3 min Security

Google’s AI Big Sleep discovers twenty new security vulnerabilities in open source

Google’s AI Big Sleep discovers twenty new security vulnerabilities in open source

Google’s AI-powered vulnerability detector Big Sleep has found twenty previously unknown security vulnerabilities in widely used open source software, including FFmpeg and ImageMagick.

The discoveries are the result of a collaboration between Google DeepMind and the security department Project Zero. The details of the vulnerabilities remain confidential for the time being due to the usual disclosure procedures. All issues found in open source will eventually be shared via a public issue tracker so that the development community can verify and fix them.

The announcement follows an earlier breakthrough this year, when Big Sleep detected a critical zero-day in SQLite before cybercriminals could exploit it. It involved a bug with a CVSS score of 7.2 that stemmed from memory corruption caused by integer overflows, allowing malicious SQL input to read outside array boundaries.

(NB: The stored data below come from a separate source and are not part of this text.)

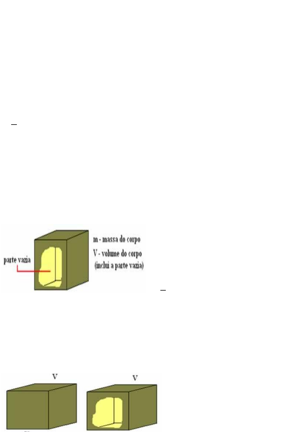 Massa específica e Densidade Massa específica e densidade são a razão entre massa e o volume de um corpo. No entanto, a massa específica é sempre constante e a densidade varia conforme o corpo. Massa específica Vamos considerar uma porção de uma determinada substância homogênea (pois todos os pontos dessa substância apresentam as mesmas propriedades) e maciça. Essa porção possui massa e volume, então podemos verificar que a razão entre sua massa e seu volume tem sempre um mesmo valor. A esse valor constante chamamos de massa específica (µ). Sendo assim, a massa específica é característica de cada substância e pode ser definida como sendo a razão entre a massa e o volume correspondente. Massa específica é representada pela equação: µ = m V Para uma determinada substância, a massa específica é sempre a mesma, então a massa dessa substância é diretamente proporcional ao volume ocupado por ela. No sistema internacional de unidades SI, a massa está em kg e o volume em m3, portanto a massa específica é dada em kg/m3. Densidade Vamos agora considerar um corpo de massa m e volume V que pode ser heterogêneo ou oco (como mostra a figura abaixo): Esse corpo possui uma massa m e um volume V, que inclui a parte vazia (oca). Dessa forma, podemos definir densidade como: A densidade de um corpo é dada pela razão entre a massa e o volume correspondente. d = m V As unidades de densidade e massa específica são as mesmas. Vimos que a massa específica de uma substância é constante, já a densidade varia conforme o corpo. Mesmo sendo a mesma equação utilizada, massa específica e densidade têm conceitos diferentes. Definimos massa específica como sendo a razão da massa e do volume de uma substância maciça, por exemplo: um bloco de ferro. Temos que ficar atentos, pois um sólido oco apresenta densidade menor que a massa específica do material que o constitui. Um corpo maciço de massa m e volume V e um corpo oco de massa m e volume V.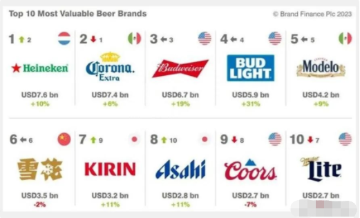 莫德罗(Modelo Especial)排在榜单第5,品牌价值42亿美元。来自墨西哥的啤酒品牌,啤酒口感饱满有层次,保留大麦风味的同时又不乏清爽平衡;百威昕蓝(Bud Light) 排在榜单第4,品牌价值59亿美元。蓝色作为品牌色,将年轻有型的蓝色和品牌调性相结合,充分展现了百威昕蓝自信、玩味、富有创造力的品牌态度。是北美市场最受欢迎的啤酒之一。百威(Budweiser)排在榜单第3,品牌价值67亿美元。1876年在美国诞生,以严谨的工艺自然发酵,低温储藏而酿成在发酵过程中,使用山毛榉木发酵工艺使啤酒格外清爽,是全球销量最多的啤酒之一;科罗娜(Corona)排在榜单第2,品牌价值74亿美元。由墨西哥的莫德罗啤酒公司生产,以其独特的口味成为最畅销的墨西哥啤酒。遵循传统的“海浪式”连续发酵技术和双温酿造工艺,让口感更顺滑。2023全球啤酒品牌价值榜单第1名是喜力(Heineken),品牌价值76亿美元,折合人民币约553亿元,今年排名上升两位。诞生于1873年的荷兰阿姆斯特丹,历经百余年风雨洗礼,喜力现已成为风靡全球190多个国家及地区的国际化啤酒品牌。自然纯净的全麦芽酿造使啤酒麦香馥郁,选用上乘酒花形成细腻丰富的泡沫,让酒液始终保持新鲜口感。在过去的一年里,喜力啤酒品牌实现销量549万千升,同比增长12.5%,主要市场在欧洲和美洲。来源:柳先说等网络公开信息整理。版权归原作者及原出处所有,如涉及版权等问题,请及时与我们联系删除。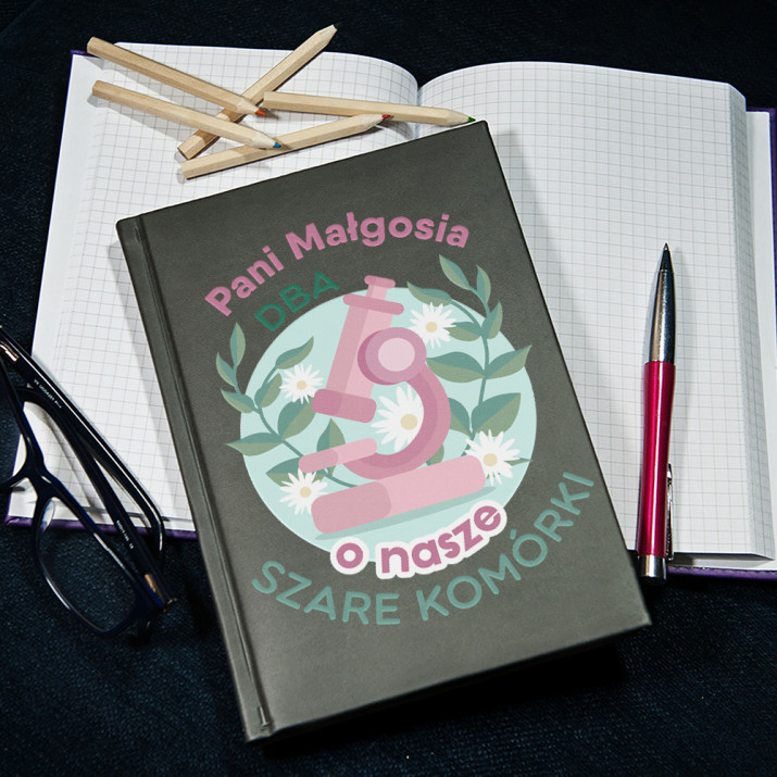 Notatnik książkowy w formacie A5 z wysokiej jakości nadrukiem UV.Notatnik wykończony jest miękkim materiałem i obszyty na brzegach.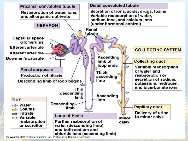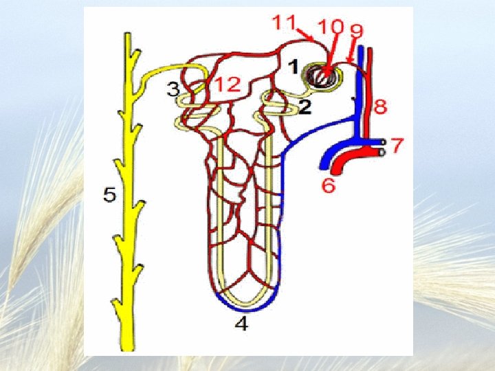 Okay, we got blood, now it is the nephron's turn • Blood vessels become tangled into a glomerulus which is located in a glomerular capsule (AKA Bowman's capsule) – Fluid in the blood is filtered into the capsule ( the proximal end of the renal tubule) • Renal tubule becomes highly coiled then dips down into the Loop of Henle – This is interlaced with capillaries – Fluid is returned to the blood and electrolyte balances are fine tuned here • The renal tubule climbs back up and empties into the collecting duct – we now have urine

Despite years of traditional fuzzing research and manual code inspections, the vulnerability had escaped researchers. Google’s Threat Intelligence team had already seen signs of preparatory abuse, but was unable to identify the root cause. Big Sleep succeeded in doing so and was able to prevent potential abuse in practice. According to Google, this is the first time an AI agent has directly prevented a vulnerability from being exploited.

In its summer update, Google said that since its introduction in November 2024, Big Sleep has found multiple real-world vulnerabilities, underscoring the potential of AI in vulnerability research. At the same time, the company is expanding its other AI-assisted security tools.

New features for Timesketch and FACADE

Timesketch, an open source platform for digital forensic investigations, is gaining new capabilities through Sec-Gemini. This will allow the initial incident analysis to be largely automated, saving forensic investigators valuable time. Google also unveiled FACADE, a method that uses contrastive learning to detect internal threats without the need for historical attack information.

In addition to technological innovations, Google is focusing on responsible AI design. In a white paper, the company describes how AI agents can be built safely and transparently, with human supervision, privacy protection, and the application of secure-by-design principles.

Google is also joining the Coalition for Secure AI, in which public and private parties are working together to develop AI applications securely. Google is making data from the Secure AI Framework available to accelerate research into secure AI.

To address new threats, the Vulnerability Rewards Program has been expanded to include categories specific to large language models, such as prompt injection and training data exfiltration. In its first year, more than $50,000 was paid out for AI-related vulnerabilities, with one in six reports leading to product changes.

Next month, Google will join DARPA at DEF CON 33 to present the final round of the AI Cyber Challenge, in which teams use AI to make open source software more secure.